Leaving out pictures, output exactly the lines below from the one that has "O documento discute" through the one that has "Festive Black Cat", and nothing else.

● **DATA PROVIDED**:
=== Begin Enclosure ===

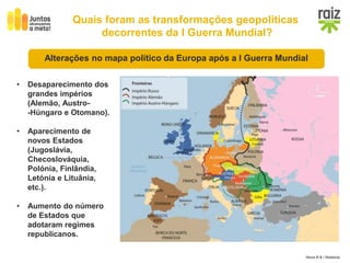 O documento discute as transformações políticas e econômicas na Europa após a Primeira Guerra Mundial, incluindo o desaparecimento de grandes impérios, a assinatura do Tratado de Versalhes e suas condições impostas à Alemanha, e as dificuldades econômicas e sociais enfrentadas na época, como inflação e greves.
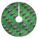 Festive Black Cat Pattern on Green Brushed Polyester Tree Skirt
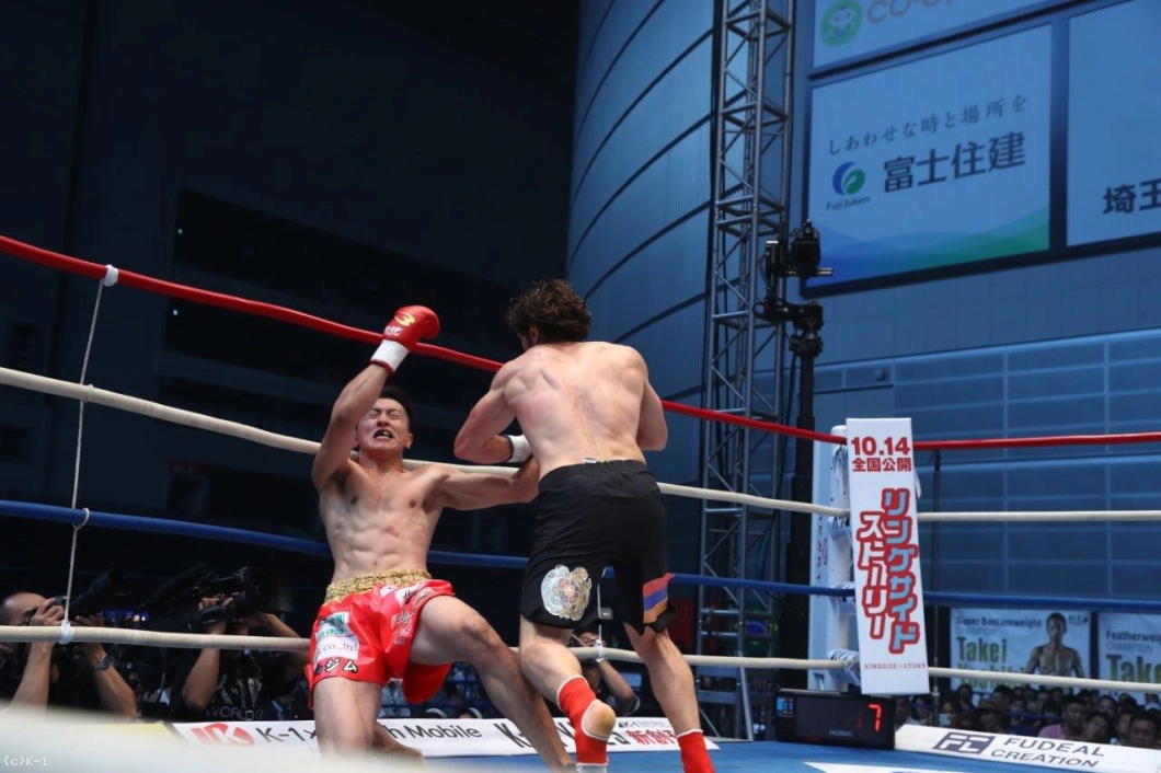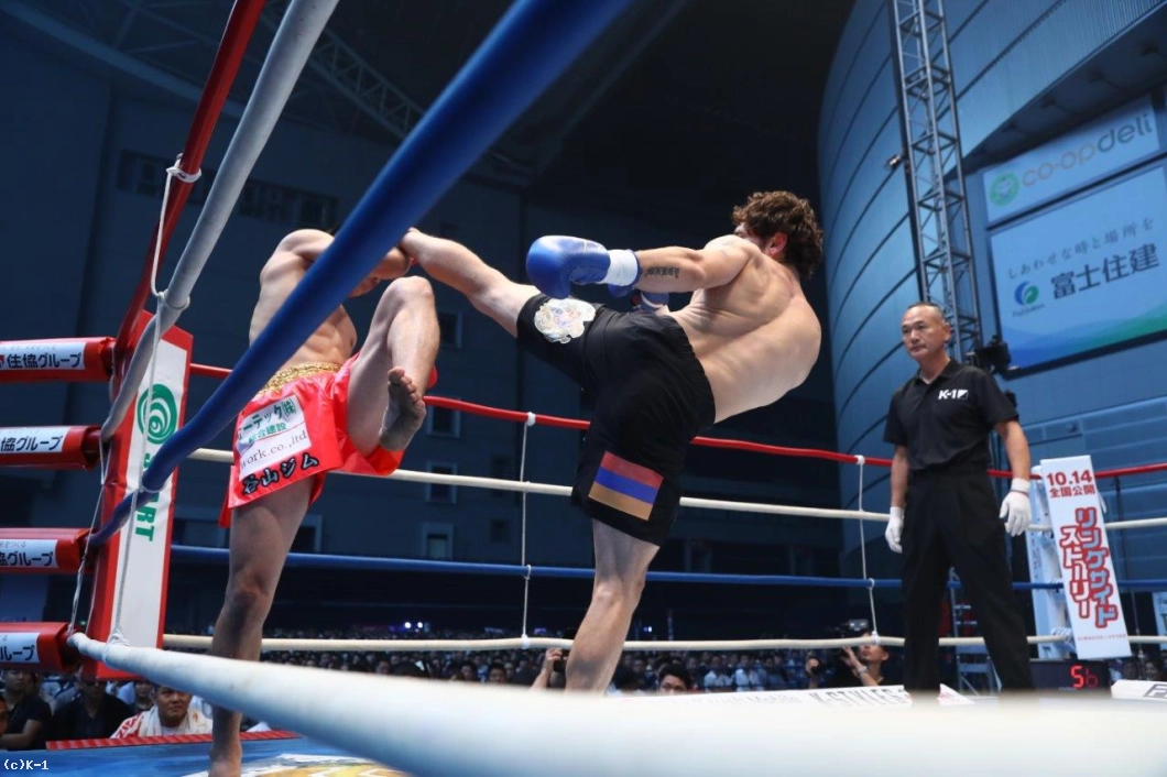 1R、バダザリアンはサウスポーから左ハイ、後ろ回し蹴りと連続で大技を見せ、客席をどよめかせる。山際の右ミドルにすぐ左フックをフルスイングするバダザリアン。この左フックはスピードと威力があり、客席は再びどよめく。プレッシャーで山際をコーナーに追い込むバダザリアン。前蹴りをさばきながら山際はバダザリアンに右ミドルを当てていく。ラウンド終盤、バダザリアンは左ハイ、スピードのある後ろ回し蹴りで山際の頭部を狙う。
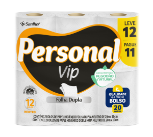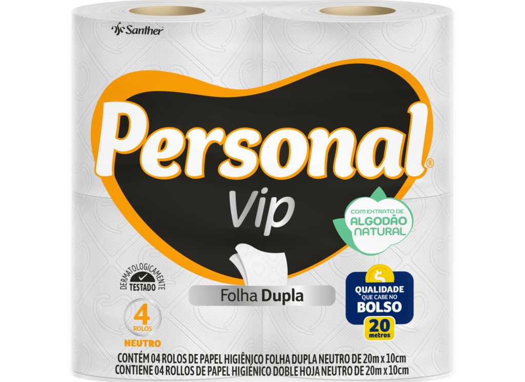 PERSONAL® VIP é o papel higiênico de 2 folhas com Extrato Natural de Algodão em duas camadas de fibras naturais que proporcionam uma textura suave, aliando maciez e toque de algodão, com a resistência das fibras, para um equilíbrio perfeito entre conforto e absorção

=== End Enclosure ===
=== Begin Enclosure ===

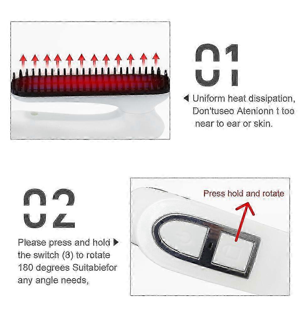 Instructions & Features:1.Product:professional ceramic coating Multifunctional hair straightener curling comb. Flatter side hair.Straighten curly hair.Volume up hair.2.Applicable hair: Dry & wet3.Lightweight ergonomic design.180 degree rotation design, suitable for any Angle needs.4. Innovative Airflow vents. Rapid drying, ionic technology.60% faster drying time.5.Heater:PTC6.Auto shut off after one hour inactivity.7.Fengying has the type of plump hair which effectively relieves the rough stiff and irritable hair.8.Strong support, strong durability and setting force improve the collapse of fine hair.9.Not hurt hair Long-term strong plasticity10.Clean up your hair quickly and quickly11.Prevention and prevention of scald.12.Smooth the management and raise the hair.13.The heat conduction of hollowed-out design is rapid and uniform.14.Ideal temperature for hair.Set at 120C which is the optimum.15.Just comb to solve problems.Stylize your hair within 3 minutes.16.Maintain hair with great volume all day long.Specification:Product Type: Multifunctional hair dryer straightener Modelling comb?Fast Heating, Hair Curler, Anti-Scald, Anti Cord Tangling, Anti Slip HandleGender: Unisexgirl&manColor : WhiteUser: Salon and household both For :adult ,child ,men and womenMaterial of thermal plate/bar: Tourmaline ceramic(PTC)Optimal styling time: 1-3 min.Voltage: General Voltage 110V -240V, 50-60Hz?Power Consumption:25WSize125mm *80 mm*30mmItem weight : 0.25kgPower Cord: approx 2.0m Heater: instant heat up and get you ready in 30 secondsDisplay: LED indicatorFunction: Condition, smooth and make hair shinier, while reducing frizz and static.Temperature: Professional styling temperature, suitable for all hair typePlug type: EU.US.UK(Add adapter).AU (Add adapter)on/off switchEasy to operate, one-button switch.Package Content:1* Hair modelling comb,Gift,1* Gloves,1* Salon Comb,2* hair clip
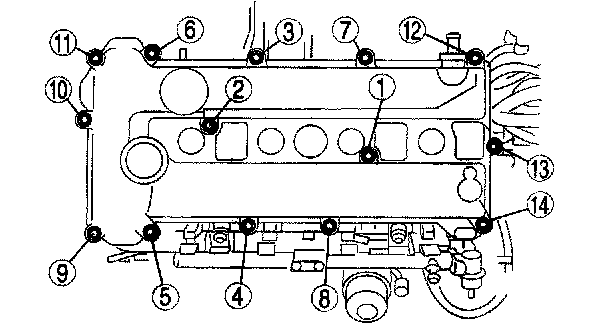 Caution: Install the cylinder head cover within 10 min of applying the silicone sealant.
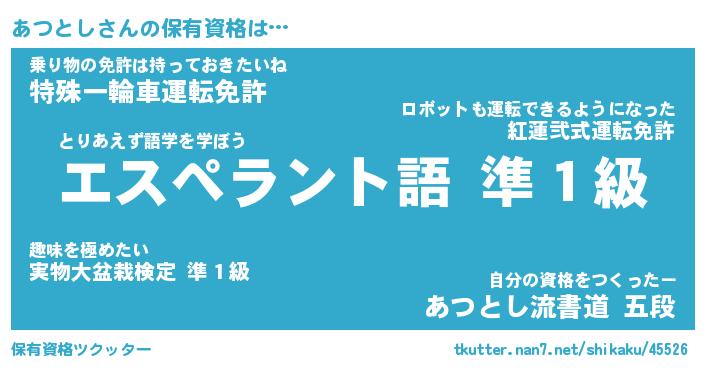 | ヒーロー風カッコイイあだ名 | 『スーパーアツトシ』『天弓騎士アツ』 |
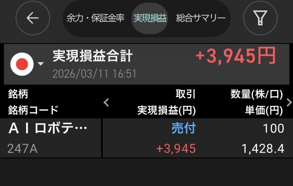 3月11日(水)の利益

=== End Enclosure ===

● **TASK SOLUTION**:
 O documento discute as transformações políticas e econômicas na Europa após a Primeira Guerra Mundial, incluindo o desaparecimento de grandes impérios, a assinatura do Tratado de Versalhes e suas condições impostas à Alemanha, e as dificuldades econômicas e sociais enfrentadas na época, como inflação e greves.
 Festive Black Cat Pattern on Green Brushed Polyester Tree Skirt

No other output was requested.